The point is that it's very easy to do this stuff, because there's not really a system in place to prevent it. Whether the fraudulent transaction will stand up in court is another story altogether.
| Reply by BrendaTx on 4/16/09 11:05am Msg #285286
Re: Why would she need to hire a lawyer?
>>>Anyway, this story doesn't really make sense. This poor lady wound up losing the property, purportedly, through nonpayment of taxes, and not through the fraud. <<<
Right, Pat. One way or the other she missed paying her taxes.
| Reply by sue_pa on 4/15/09 7:24pm Msg #285221
...Abraham said a thumbprint requirement might have deterred criminals posing as home sellers because they likely would not have wanted to leave behind evidence of their identities...
flawed thought process in this statement. If the notaries were willing participants, and the ones signing/forging the deeds were willing participants, why in the world does someone (Ms. DA) think that a smudged thumbprint somewhere would deter them?
Pat/IL - nonpayment of real estate taxes results in your property being sold by the county at tax sale ... we don't have the buyers/bonds/redemption periods/whatever I've read about in other states.
| Reply by CaliNotary on 4/15/09 7:49pm Msg #285224
Thanks for posting this
I just forwarded it to Notary ASAP, who got annoyed with me a couple of weeks ago because I wouldn't send a loose acknowledgment to a title company because they had printed grant deeds that had the notary wording split over 2 pages. The notarization was valid so I made them send the deeds to me to void the original notarization before I attached another acknowledgment.
These companies think we're just being difficult when we do stuff like this, they don't seem to care that we're doing it to protect ourselves and the borrowers. They'd rather we expose ourselves to god knows what kind of liabilities and the borrowers to god knows what kind of fraud, than be slightly inconvenienced on their end. It really kind of sickens me.
And of course I haven't been called by Notary ASAP since, 2 or 3 years of doing excellent work for them apparently means absolutely nothing if you dare to say 'NO". And I'm guessing me sending them the article isn't going to help matters, lol.
| Reply by JanetK_CA on 4/15/09 8:29pm Msg #285231
Great info...
Could you please provide us link or a source where this was published so we can give appropriate credit if passing this on to someone else. (E.g. the situation Cali was talking about.) Many thanks!
| Reply by SueW/Tn on 4/16/09 3:51am Msg #285264
It's an article I picked up from AP:
KATHY MATHESON Associated Press Writer 3:08 PM EDT, April 15, 2009
It's all over the internet, I googled "Philly notary crime" to backtrack though. I remember several years ago this same thing happening down in Florida where seniors were leaving their homes during the summer and coming back in the winter. A group of criminals started doing the same thing but they were obviously dumber because it didn't last long.

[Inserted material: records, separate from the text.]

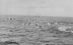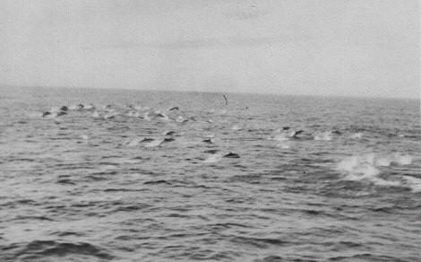 (GAO048) Porpoises following the ship (GAO049) A Convoy (GAO050) Unknown ship. Photo taken during 5 day cruise out of Bermuda. Possibly a work-ups consort. Jul/Aug 1944 (GAO051) HMS HYDRANGEA K39 - HMCS JOLIETTE in foreground (GAO052) "Our escort in the race"
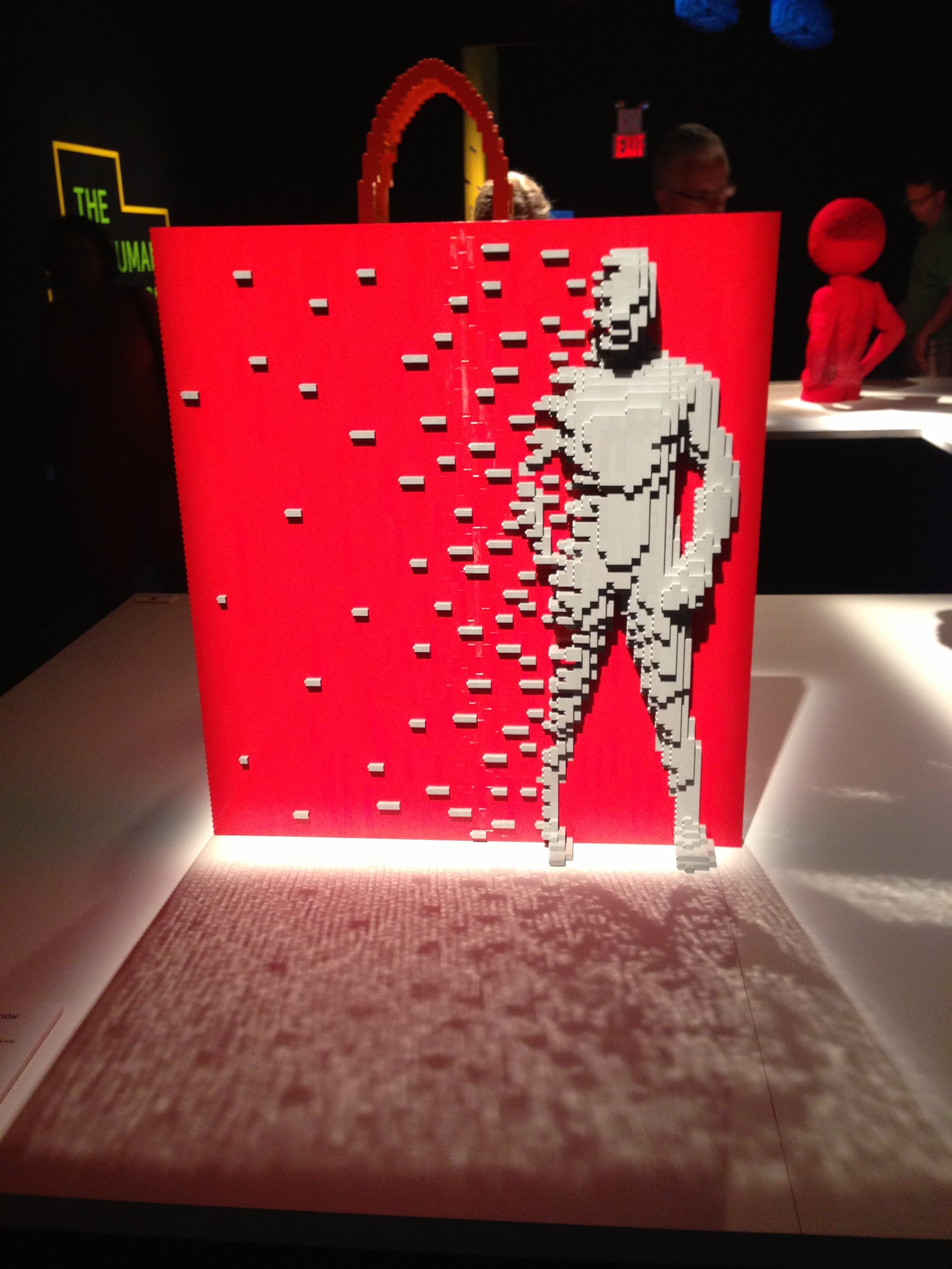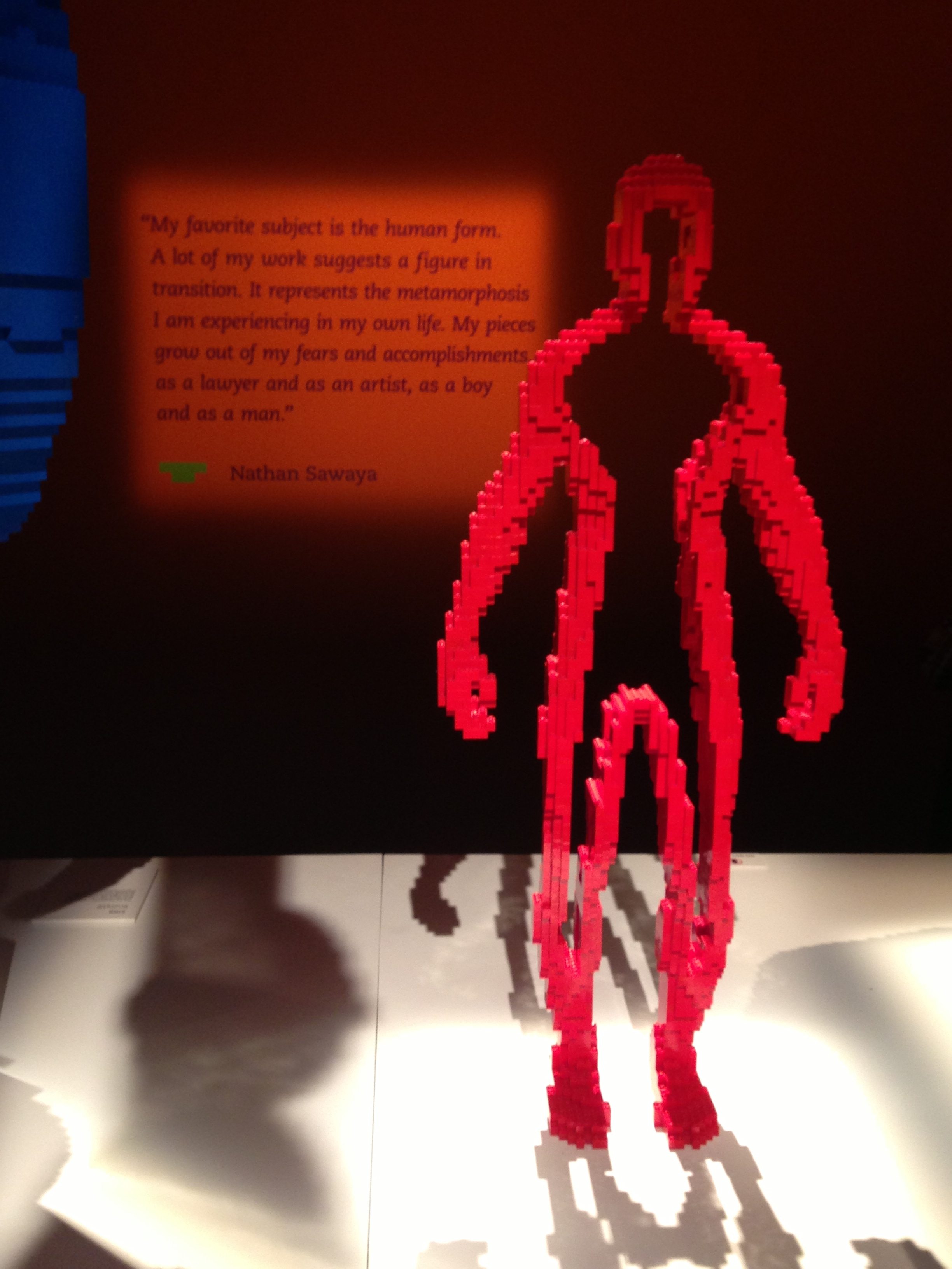 The last sculpture in the exhibit is actually a hands-on-experience: You’re given the chance to write your name on a Lego brick and place it on a giant sculpture. When the exhibit closes in January 2014, Nathan is going to take all the Lego bricks and refurbish them for a new project and any of the Lego bricks he doesn’t use will be donated to charity.
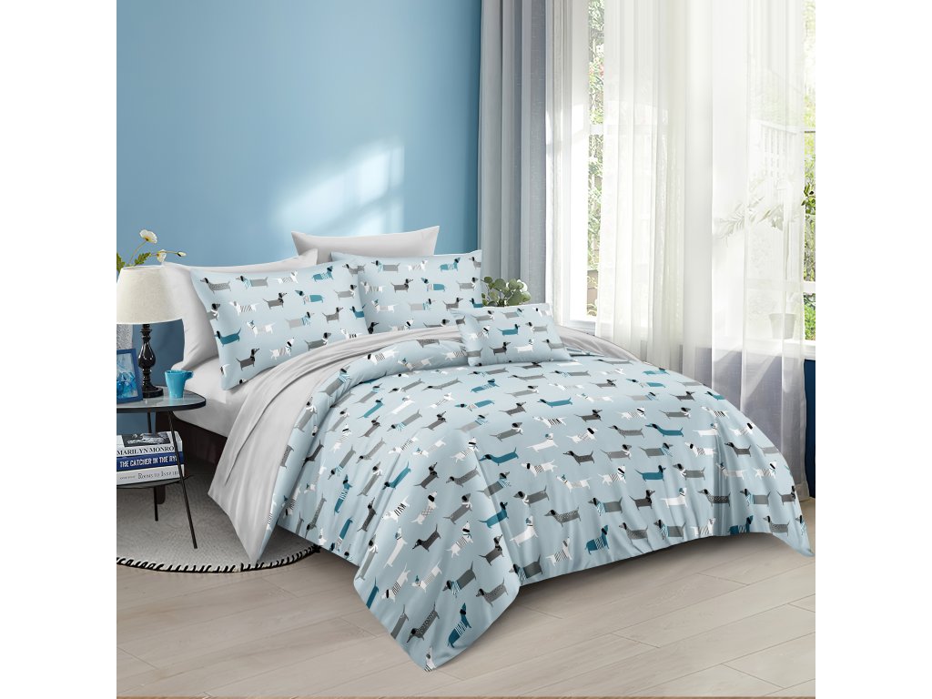 Lenjeria de pat din microfibră de calitate este foarte populară pentru textura sa moale, absorbția ridicată și respirabilitate. Stilul modern cu motiv animal este garantat pentru a atrage atenția. De asemenea, vă veți îndrăgosti de fundalul albastru în combinație cu detalii colorate, designul original și țesătura moale a lenjeriei de pat.
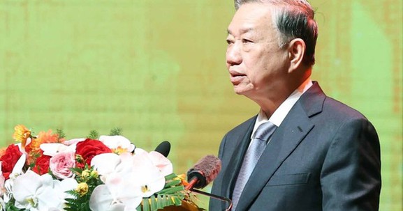 Tổng Bí thư Tô Lâm phát biểu tại buổi gặp mặt. (Ảnh: Thống Nhất/TTXVN)
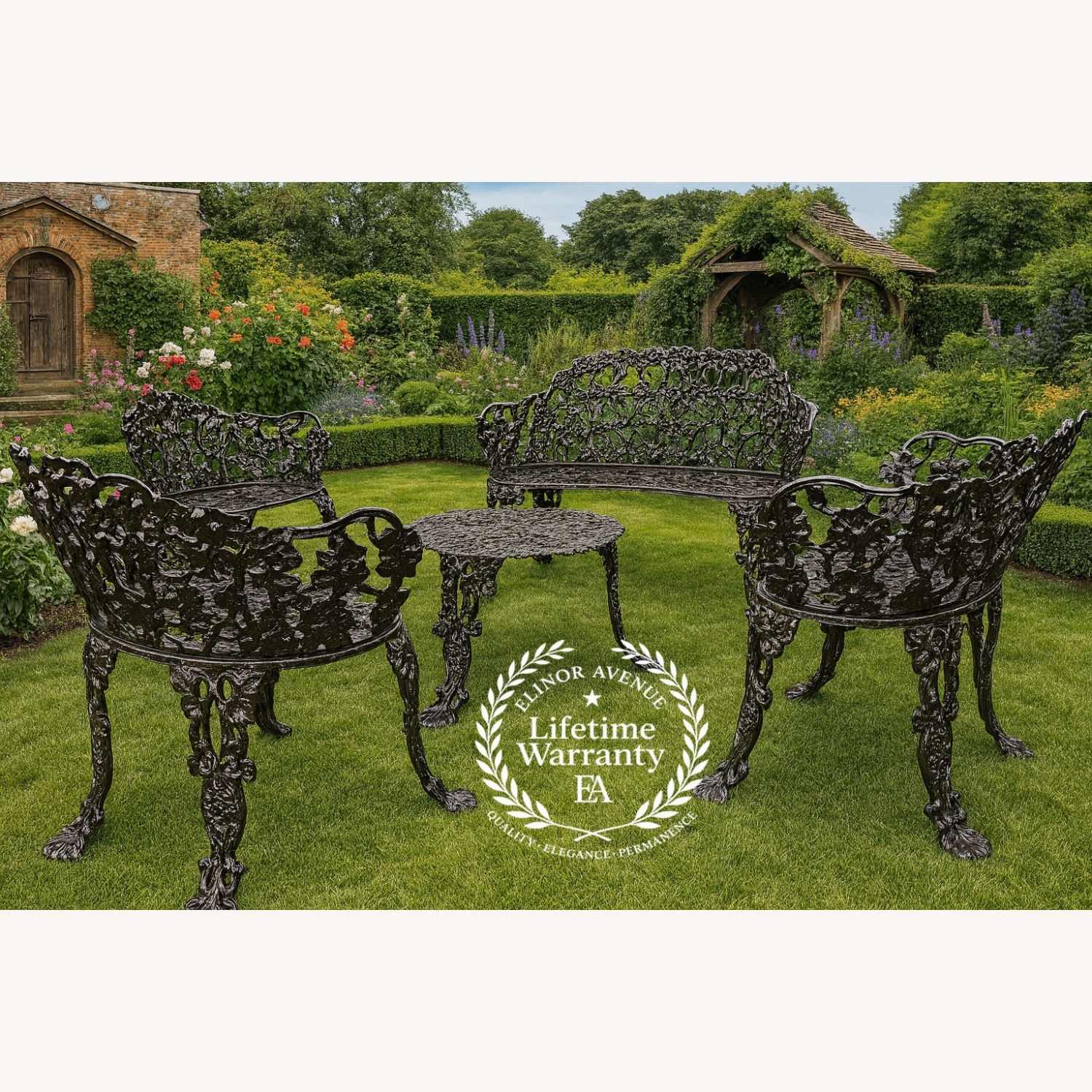 Seller's Notes:Mid-Century Cast Iron Grapevine Garden Complete Set – 5-Piece Victorian Revival, Made in USA Description: Offered is a stunning 5-piece vintage cast iron garden set in the highly sought-after grapevine pattern, featuring exquisite detailing throughout. This Victorian Revival ensemble includes one gracefully curved two-seat bench, three matching armchairs, and a round pierced floral-top table, all crafted from solid, heavy cast iron. The intricately cast grapevine motif—lush leaves and hanging clusters—recalls the opulent designs of 19th-century Coalbrookdale pieces but is American-made, with a “Made in USA” stamp beneath the bench seat confirming its provenance. There is also a casting or pattern number stamped above “made in USA” which is “3008” and the letter “d” below that. Produced likely in the 1920s to 1950s, this set exemplifies the quality of early 20th-century American foundries that honored traditional English patterns while creating heirloom-quality furnishings for refined outdoor living. The finish is a lustrous black enamel, recently refreshed to preserve its elegance and weather resistance. The set is structurally sound and exceptionally heavy, a testament to its authenticity and durability. Whether placed in a manicured garden, elegant veranda, or historic courtyard, this set makes a bold architectural statement and offers timeless beauty with practical function. *We offer a lifetime warranty on all purchases with us. Dimensions: Bench x 1: Weighs: 70 lbs Height: 28 inches Width: 37 3/4 inches Seat Depth: 11.5 inches Ground to seat lip: 14 inches Outside back leg to outside front leg: 23 inches Chairs x 3: Each weighs: 36 lbs Height: 26 inches Width: 22 inches Seat Depth: 11.5 inches Ground to seat lip: 14.5 inches Outside back leg to outside front leg: 21.5 inches Table x 1: Weight: 28 lbs Diameter: 20.5 inches Height: 14.5 inches
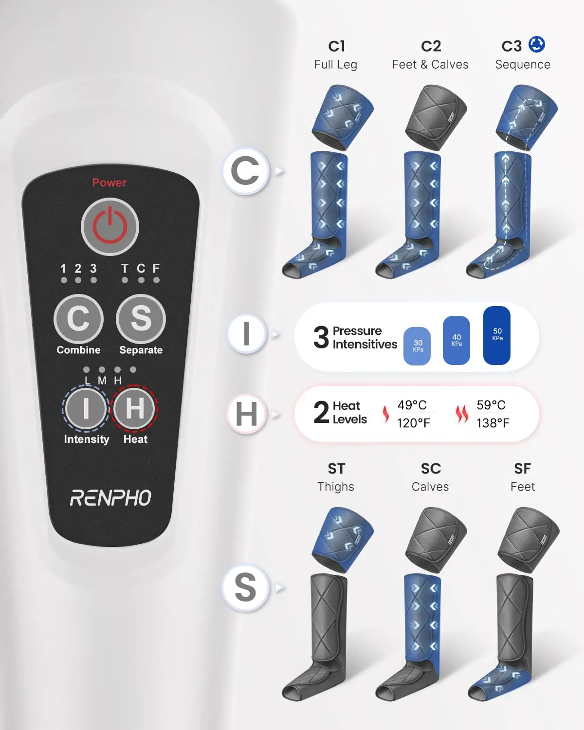• Detachable thigh and calf wraps for targeted massage
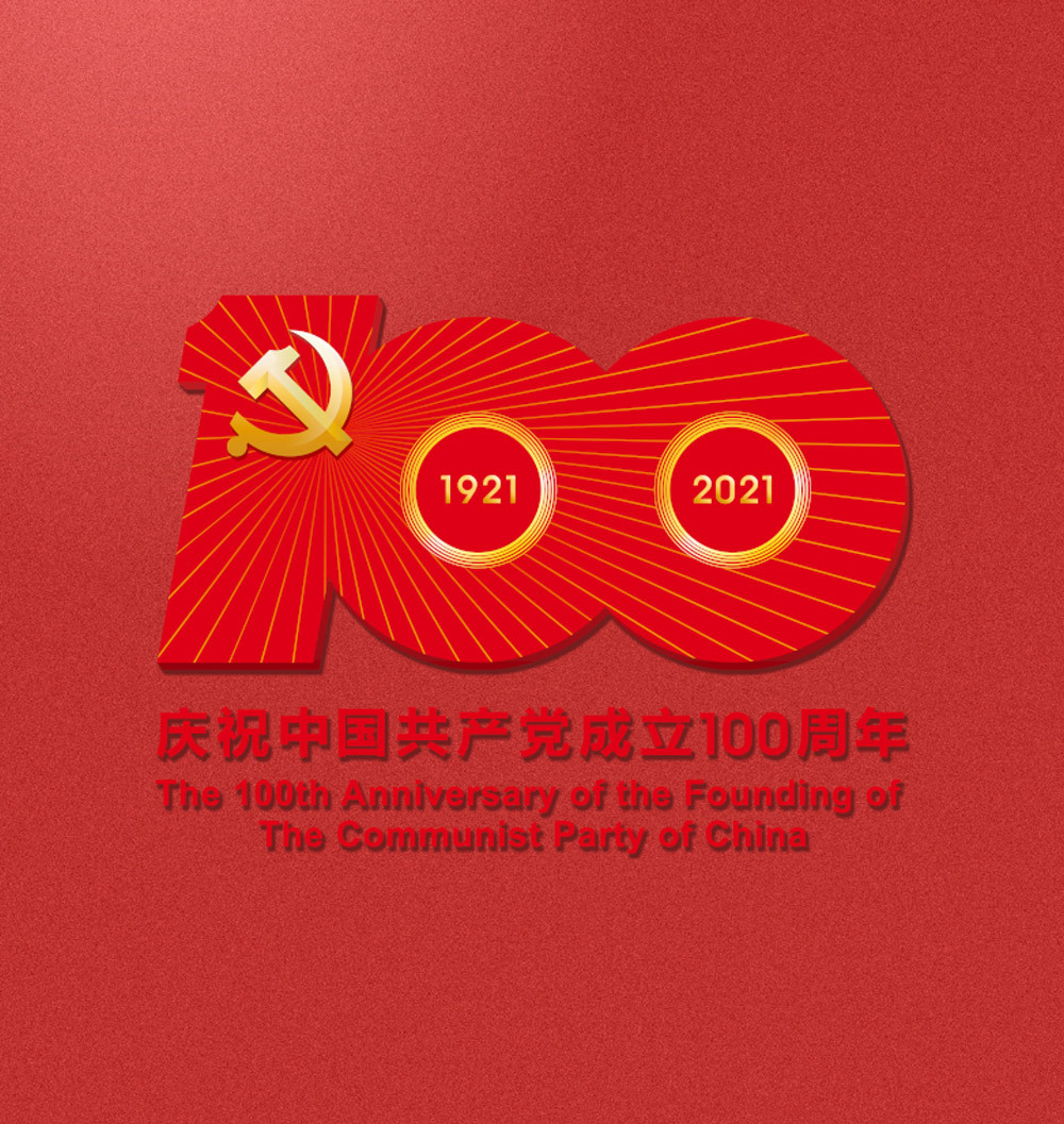 活動標識由黨徽、數(shù)字“100”、“1921”、“2021”和光芒線組成,其中數(shù)字“100”構成標識基本造型。
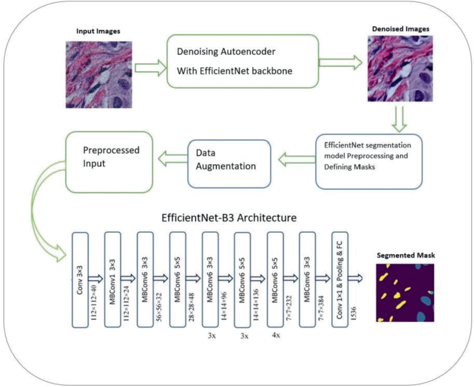 Machine Learning technologies are being developed day after day, especially in the medical field. New approaches, algorithms and architectures are implemented to increase the efficiency and accuracy of diagnosis and segmentation. Deep learning approaches have proven their efficiency; these approaches include architectures like EfficientNet and Denoising Autoencoder. Accurate segmentation of nuclei in histopathological images is essential for the diagnosis and prognosis of diseases like cancer. In this paper, we propose a novel method for semantic segmentation of nuclei using EfficientNet and
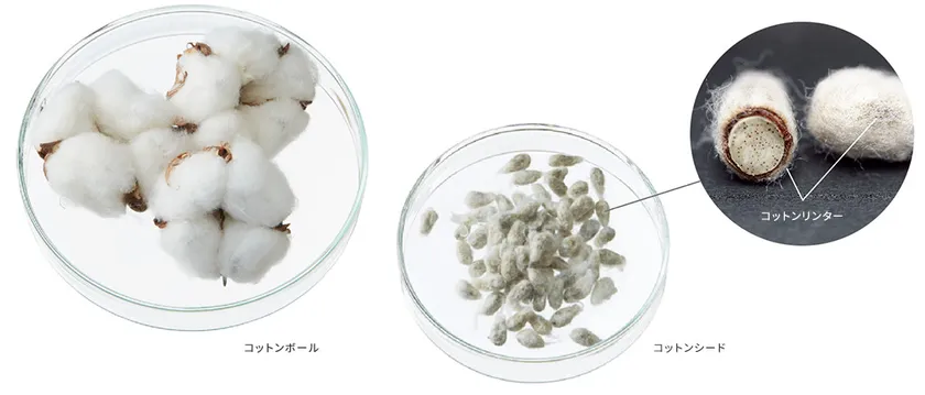 <原料となる、コットンの種のうぶ毛 “コットンリンタ―”>
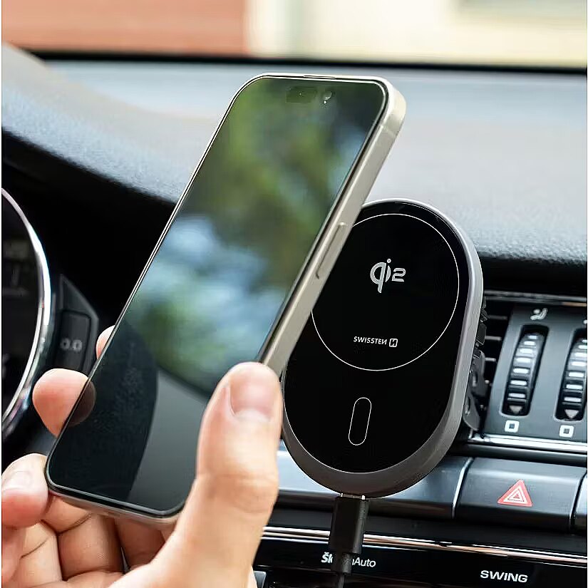 title_en - Swissten Magnetic Car Holder MagRide with Wireless Charger Qi2 15W (MagSafe compatible)
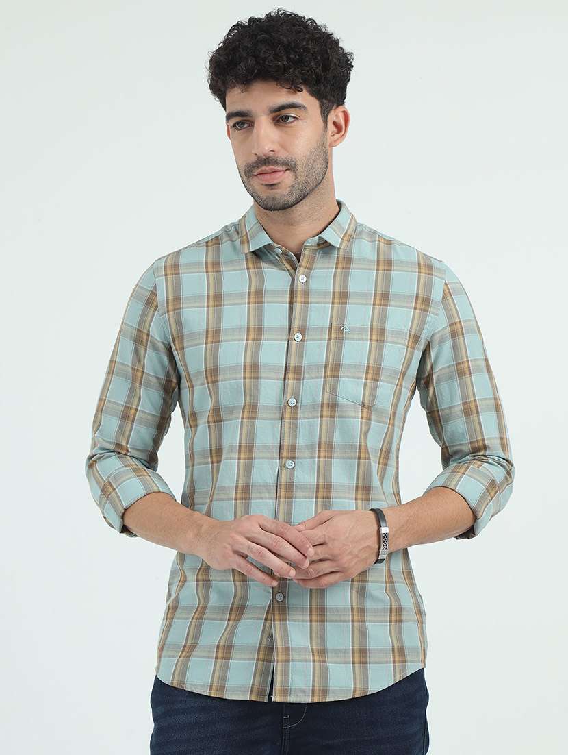 - » men sea green cotton casual shirt
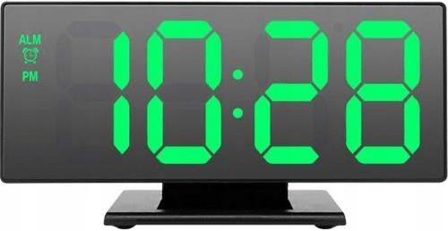 Budzik cyfrowy z wyświetlaczem Budzik ma wyświetlacz LED, co ułatwi odczytanie godziny nawet w ciemności i z dalekiej odległości. Cechy produktu: Wyświetlacz LED o wymiarach 18,5 x 7,5 cm Duże cyfry o wysokości: 5,5 cm Alarm wyłączany na przycisk Wyświetla czas w formacie 24 lub 12 godzinnym W godzinach 18.00 - 7.00 wyświetlacz automatycznie przyciemnia się Lustrzany wyświetlacz, budzik może służyć również jako lusterko Wyświetla temperaturę w pomieszczeniu, możliwość zmiany jednostki na stopnie Celsjusza oraz Fahrenheita Wyświetla datę Wyświetlacz naprzemiennie wyświetla datę, godzinę, temperaturę. Posiada również możliwość wyświetlania każdego z tych parametrów bez przerwy Zasilany sieciowo lub USB (w zestawie wyłącznie kabel USB) Dodatkowe zasilanie baterią CR2032. Działanie zegara (nie wyświetlacza) jest podtrzymywanie w przypadku braku głównego zasilania
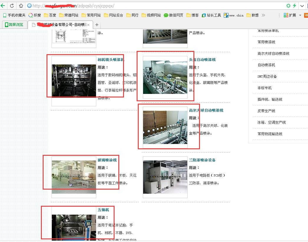 最近小编在分析同行竞争对手的网站时,无意间发现了好几家公司竟然盗用我们网站的自动喷涂设备产品图片,虽然我们网站的图片都有加水印,但同行还是喜欢费心费力的复制我们的图片,然后PS下改成自己的。这样赤裸裸的盗用我们的技术成果的行径是非常可耻的,实在令人气愤。
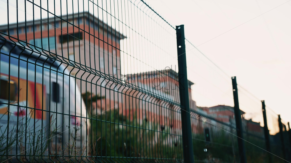 Abstract shot of a high speed train passing behind a metal fence, creating motion blur and geometric line Royalty Free Stock Video Footage

| Reply by JanetK_CA on 4/16/09 3:03pm Msg #285383
Thanks! Unbelievable low-lifes! grrrrr!! So sad... n/m
| Reply by bhb/VA on 4/16/09 11:57am Msg #285310
This article reads like an article from the XYZ newsletter or the emails they send out. Hmmmm....
| Reply by Mary Ellen Harvley on 5/3/09 11:58pm Msg #287185
I am sorry, but it's a sad sad world we live in if this ladies home and all the others, were not returned to them.
Something is seriously wrong with this picture!!!!